(Beginning of Records to use)
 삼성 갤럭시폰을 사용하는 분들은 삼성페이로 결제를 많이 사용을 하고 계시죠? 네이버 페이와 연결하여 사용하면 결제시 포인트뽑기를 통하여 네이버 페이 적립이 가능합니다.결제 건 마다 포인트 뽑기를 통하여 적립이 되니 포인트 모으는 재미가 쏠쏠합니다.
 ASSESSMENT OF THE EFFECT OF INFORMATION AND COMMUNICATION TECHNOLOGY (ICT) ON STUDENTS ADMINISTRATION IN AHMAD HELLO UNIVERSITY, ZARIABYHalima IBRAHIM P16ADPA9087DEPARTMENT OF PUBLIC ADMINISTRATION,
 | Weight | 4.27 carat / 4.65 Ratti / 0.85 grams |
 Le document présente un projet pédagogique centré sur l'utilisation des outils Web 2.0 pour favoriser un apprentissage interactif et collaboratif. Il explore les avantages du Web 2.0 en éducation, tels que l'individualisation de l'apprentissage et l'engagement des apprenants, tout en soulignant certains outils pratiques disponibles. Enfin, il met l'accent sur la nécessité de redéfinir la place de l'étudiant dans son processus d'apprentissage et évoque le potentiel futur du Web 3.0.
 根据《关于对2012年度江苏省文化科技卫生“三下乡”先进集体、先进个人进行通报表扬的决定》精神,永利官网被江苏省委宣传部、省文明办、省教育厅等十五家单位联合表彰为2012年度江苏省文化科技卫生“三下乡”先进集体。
(End of Records to use)
(Beginning of Records to use)
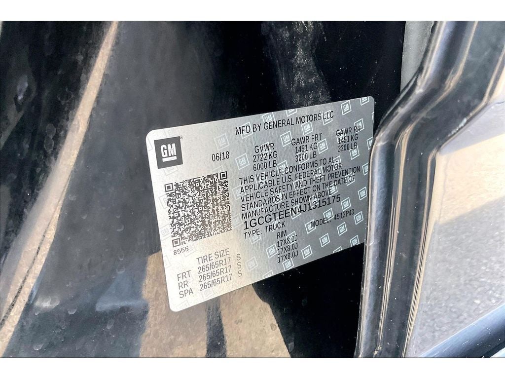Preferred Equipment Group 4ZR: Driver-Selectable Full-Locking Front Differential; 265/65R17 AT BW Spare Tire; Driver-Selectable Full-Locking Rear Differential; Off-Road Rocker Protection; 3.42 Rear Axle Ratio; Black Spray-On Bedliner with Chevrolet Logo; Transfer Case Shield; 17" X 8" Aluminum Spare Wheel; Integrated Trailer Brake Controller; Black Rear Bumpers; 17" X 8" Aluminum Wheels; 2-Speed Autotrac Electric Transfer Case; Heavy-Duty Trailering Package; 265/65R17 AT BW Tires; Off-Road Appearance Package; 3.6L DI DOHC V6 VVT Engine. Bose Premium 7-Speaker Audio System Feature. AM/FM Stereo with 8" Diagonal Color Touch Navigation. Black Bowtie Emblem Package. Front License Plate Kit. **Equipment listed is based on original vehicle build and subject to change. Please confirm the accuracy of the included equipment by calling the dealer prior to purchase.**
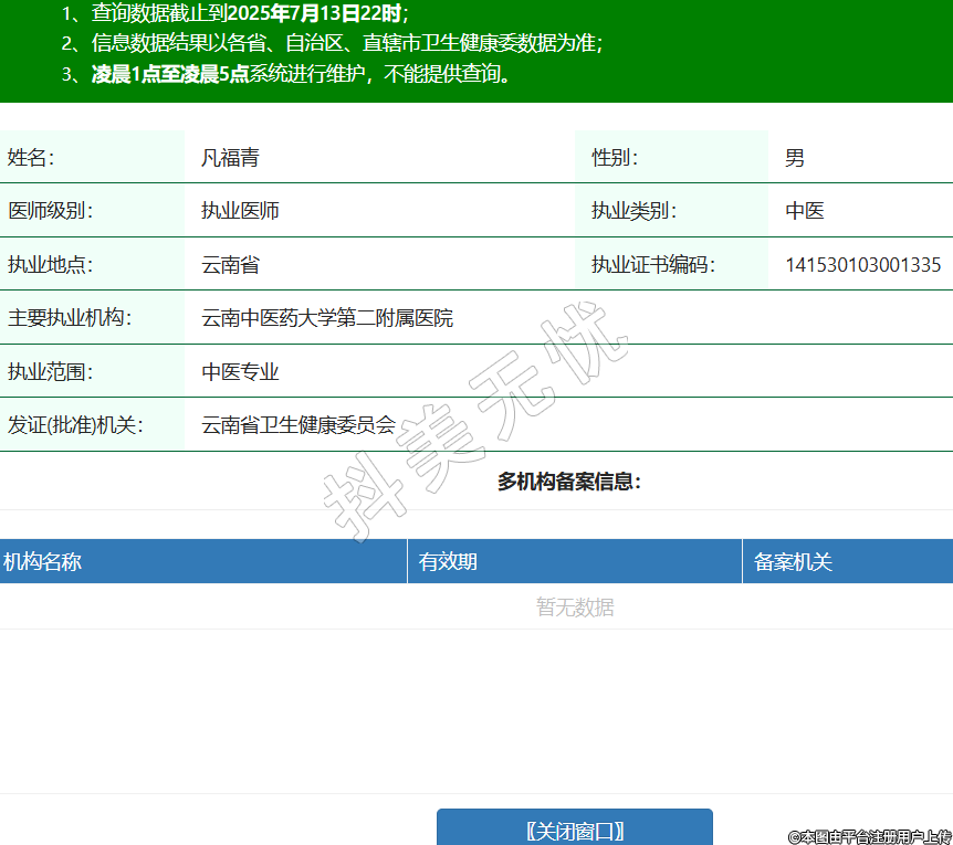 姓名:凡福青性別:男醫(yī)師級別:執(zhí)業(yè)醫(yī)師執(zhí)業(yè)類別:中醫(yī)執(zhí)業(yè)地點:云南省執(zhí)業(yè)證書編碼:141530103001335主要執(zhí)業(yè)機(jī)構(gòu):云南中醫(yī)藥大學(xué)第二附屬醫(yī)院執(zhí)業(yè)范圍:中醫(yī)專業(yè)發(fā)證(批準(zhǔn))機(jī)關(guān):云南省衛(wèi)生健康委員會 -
(End of Records to use)
§ Task prompt:
Retype only the stretch of lines above starting at the one with "0.85 grams |" and stopping at the one with "Le document présente", exactly as written, with both kept.

§ Written answer:
 | Weight | 4.27 carat / 4.65 Ratti / 0.85 grams |
 Le document présente un projet pédagogique centré sur l'utilisation des outils Web 2.0 pour favoriser un apprentissage interactif et collaboratif. Il explore les avantages du Web 2.0 en éducation, tels que l'individualisation de l'apprentissage et l'engagement des apprenants, tout en soulignant certains outils pratiques disponibles. Enfin, il met l'accent sur la nécessité de redéfinir la place de l'étudiant dans son processus d'apprentissage et évoque le potentiel futur du Web 3.0.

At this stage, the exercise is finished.